Comment Re:No One Will Follow Them (Score 2) 28

And big companies don't want to be fined into oblivion, so yes, it matters. And with rules like:

untargeted scraping of facial images from the internet

You might as well have just entirely banned scraping from the internet. Who wants a diffusion model that's great at everything except has no bloody clue what a face looks like?

Comment Re:What needs to happen... (Score 1) 287

At one point, possibly more than a decade ago, Switzerland changed traffic laws and gave pedestrians right of way at crossings.

That's how it works where I am, and pedestrians just walk out in front of oncoming cars without even looking up.

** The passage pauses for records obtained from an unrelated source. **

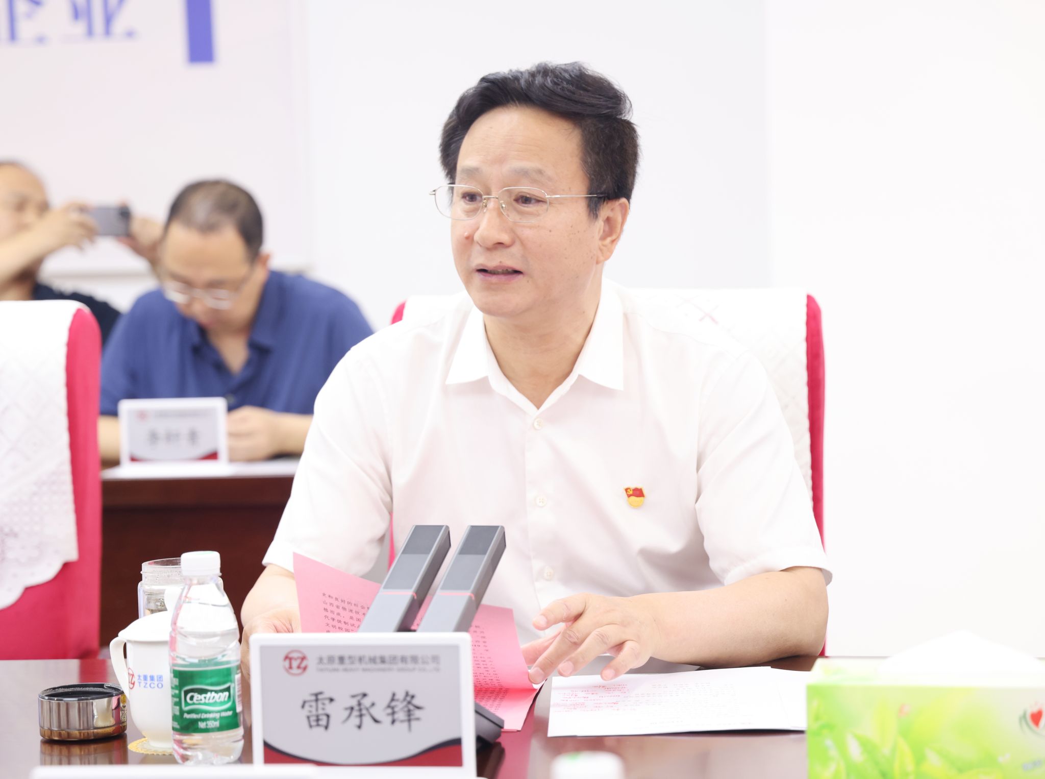 雷承锋对太重改革的成绩表示赞叹,认为此次合作是一场携手共赢的双向奔赴,能与“国之长子”签约合作非常荣幸。他简要介绍了山西职业技术学院的发展历程以及总体建设情况,他说,长期以来,山西职业技术学院与太重保持着密切合作,并成立数智制造产业学院,切实做到了“学科跟着产业走、专业围着需求转”,合作成果初显。希望以此次合作为新起点,双方进一步发挥各自优势,通过技术研发与人才培养的交融贯通,在增强创新能力、优化产业体系、完善人才培养等方面形成强大合力,为太重的转型发展提供人才支撑,为全方位推动我省高质量转型作出更大贡献。签约仪式前,客人一行还参观了集团公司展览中心。集团公司党委专职副书记、副董事长张新伟,集团公司董事、太原重工总经理王省林及相关单位负责人参加座谈。
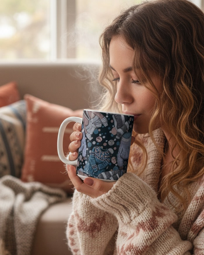 Cozy Sweaters Ceramic Mug (11oz/15oz) - Indigo
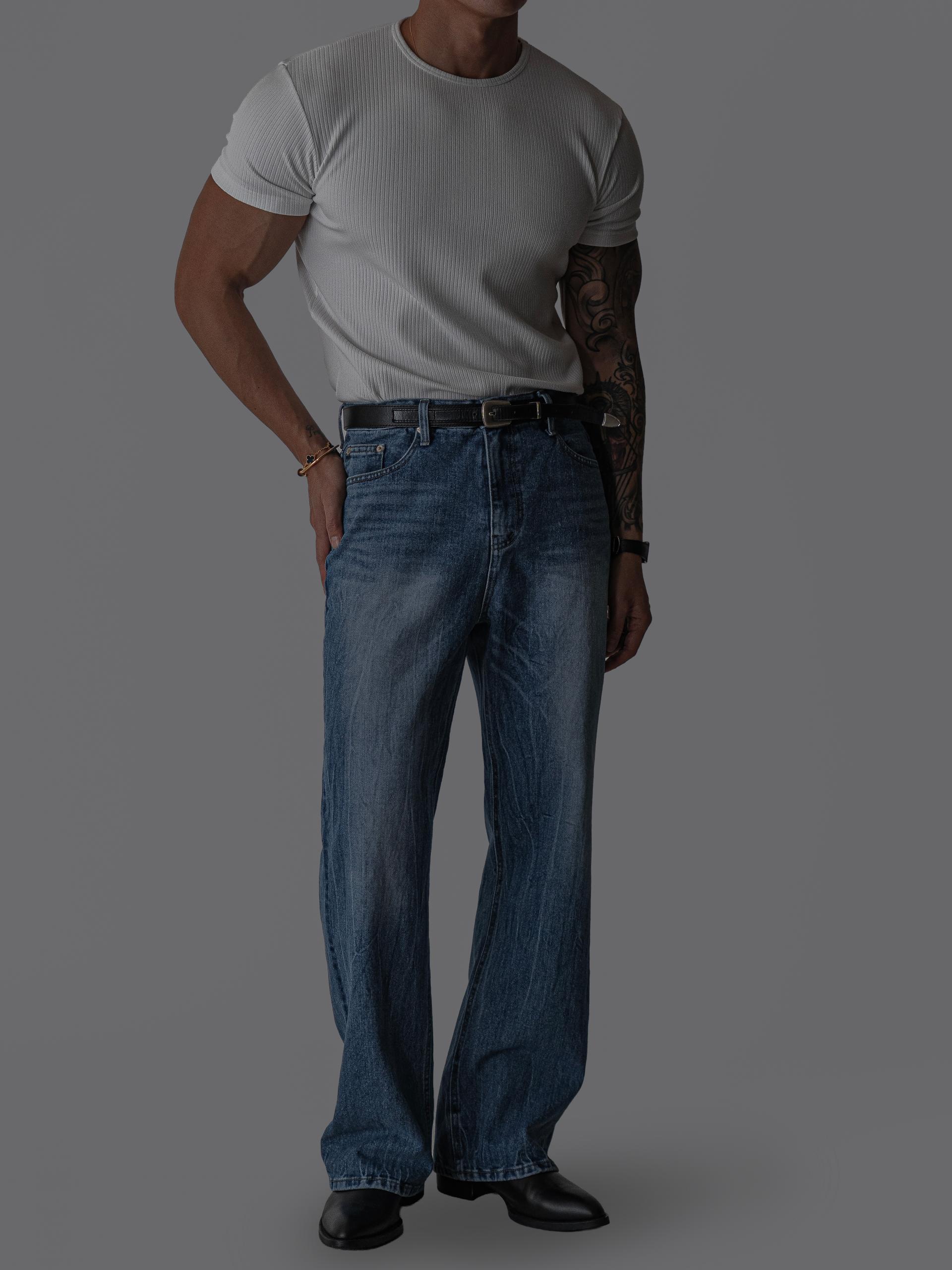 하의 - ikkei PRODUCT 프리미엄 워싱 플레어 골지 데님 팬츠
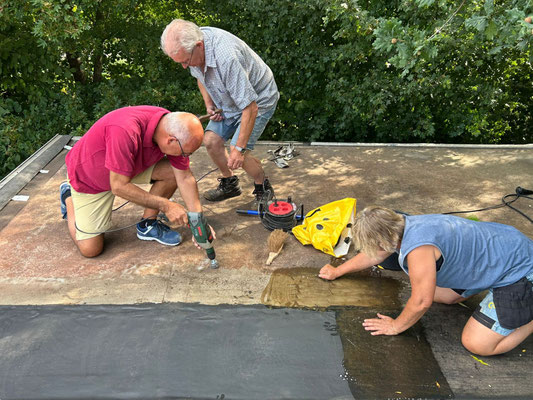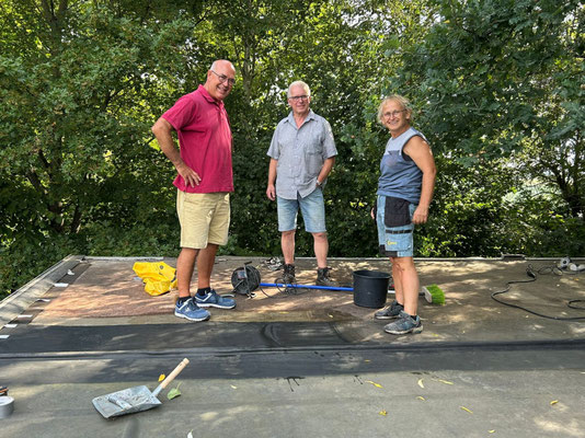 Als echte bouwvakkers waren Audrey Springer, Kees Dominicus en Frans Dingemans dinsdag 12 augustus (2025) keurig om 8.00 uur bij De Ark aanwezig om het dak van de oude opslagcontainer van nieuw ‘dakleer’ te voorzien. De regen liep namelijk al enige tijd naar binnen en dat er nog geen kortsluiting ontstaan was, mocht een wonder heten.
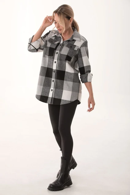 Блузка с застежкой на петли и пуговицы по планке переда, втачным воротником с отрезной стойкой. По переду накладные карманы с клапанами. Спинка с отрезной кокеткой, с бантовой складкой по шву притачивания кокетки.
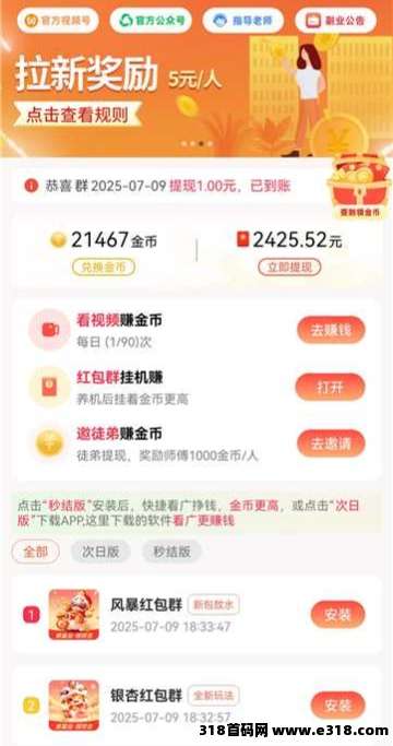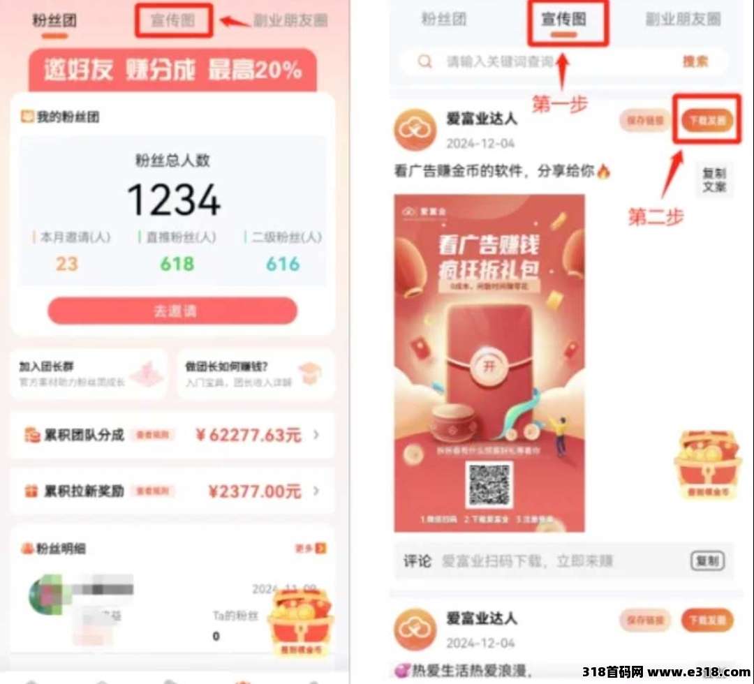 粉丝赚钱,团长躺赚,邀请新人在平台看广告赚钱,你即可免费开通团长后台,获得ta收入的分成;团长享所有粉丝收入15%-20%的分成;
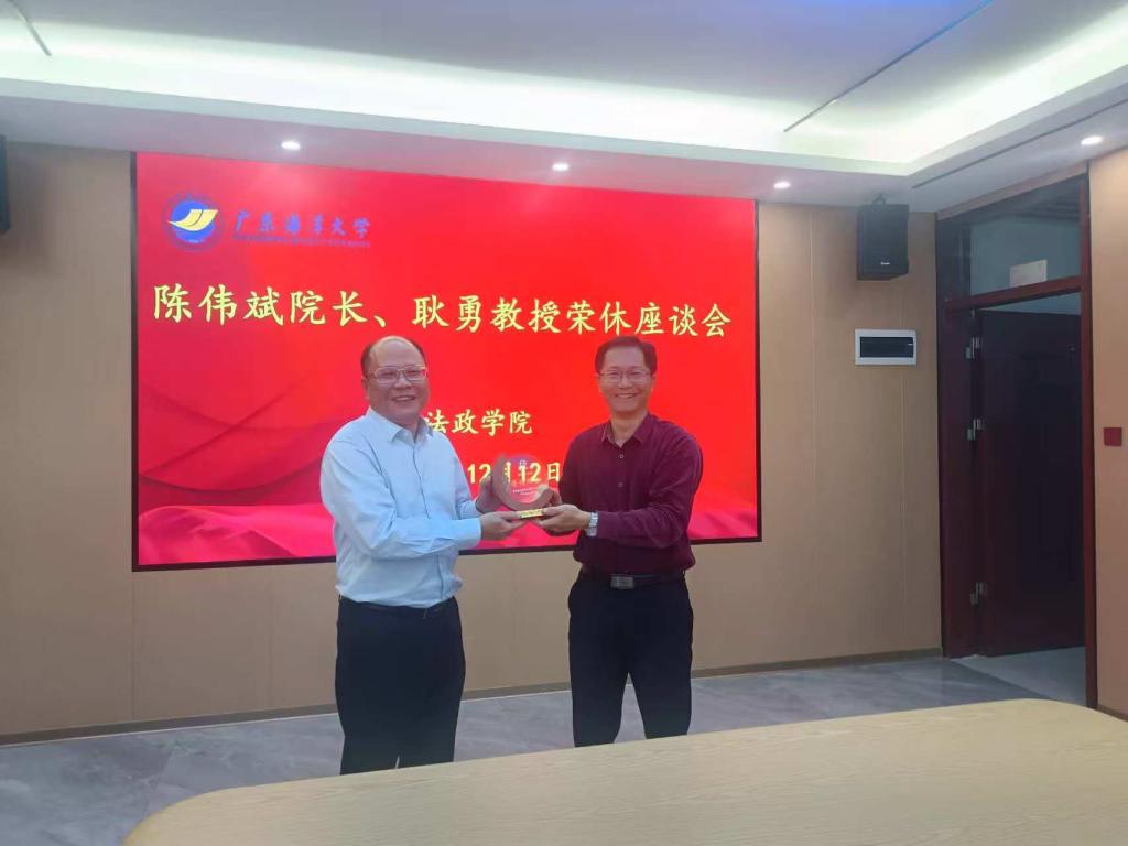 岁月如歌,致敬芳华。为感谢陈伟斌院长、耿勇教授数十年来为法政学院发展作出的卓越贡献,传承前辈深耕教育、潜心育人的精神品质,12月12日15:30-17:00时,法政学院在博文楼A座612室举行陈伟斌院长、耿勇教授荣休座谈会。学院班子成员、各系(中心)主任及教师代表齐聚一堂,共忆耕耘岁月,共话教育初心。座谈会由学院党委林忠新书记主持。开场伊始,林忠新书记详细介绍了本次座谈会的背景与目的。他表示,陈伟斌院长、耿勇教授将毕生心血倾注于法政学院的学科建设、人才培养与师资队伍发展之中,用责任与担当诠释了教育工作者的使命,为法政学院发展奠定了坚实基础。此次座谈会既是对两位前辈辛勤付出的感恩与致敬,也是为了传承其宝贵的教育经验与治学精神,激励后辈接续奋斗。

I think the law is backwards, because the person who screws up isn't the one who gets hurt. If cars had the right-of-way, then the person who screws up would be the one that gets hurt, perhaps motivating the pedestrian to look and think.

Comment Re:The connection problem (Score 1) 47

How many commercial products do you see on the market?

Nobody is saying that "neural implants" are new. Trying to make them practical, such as not getting rapidly encapsulated and not having a hole in the head allowing infections to spread straight into the brain and having sufficient bandwidth for common tasks - is the point. This is not easy (particularly the first issue), which is why it's taken so long. The old meat cleaver-like Utah Arrays in particular just plow fat pins straight through blood vessels and trigger an immediate immune response.

Comment Re:Floating ice (Score 4, Informative) 90

And said ice functions as a barrier for the land ice, greatly slowing down its ability to progress into the ocean.

Also, it's an example of Bad Amateur Science that floating icebergs shed by glaciers don't affect sea level. What's true in the case of a glass of water in your kitchen is not true in the ocean. Freshwater ice, melted and diffused in seawater, results in an elevated sea level. It's a small impact (only about 3% that of land-based ice melting), but still meaningful.

Basically: a chunk of ice, floating in water, displaces its own weight in water. At 0C, Freshwater ice is .9167g/cc, and freshwater is 0.998g/cc. If 0.998g of freshwater (1cc) is displaced, then the volume of the ice is 0.998/0.9167cc, or 1.0887cc - 1cc below the waterline, 0.0887cc above it. As it melts, it shrinks back to 1cc, equaling the formerly displaced water.

Seawater at 0CC however is 1,028g/cc, aka 3% more. For a given amount of displacement, there's an extra 3% of freshwater ice volume and mass. This melts to a volume 3% larger than than the displaced volume.

Think of it using a extreme example. Pretend that neutron stars were stable containable liquids and not highly explosive condensed states maintained by gravity, and that you had a bucket containing a thin layer of it at the bottom. You fill the rest of the bucket with a giant chunk of ice. The neutron star "sea level" rise from having the ice atop it is basically immeasurable. That's your starting point. Now let the ice melt. Now the entire bucket is full of liquid. The "sea level" has risen dramatically.

Of course, it's even more complicated than this in reality, because you don't have a separation of saltwater and freshwater, but rather they merge, and the net density isn't exactly a linear weighted average between the two. Close, but not exactly.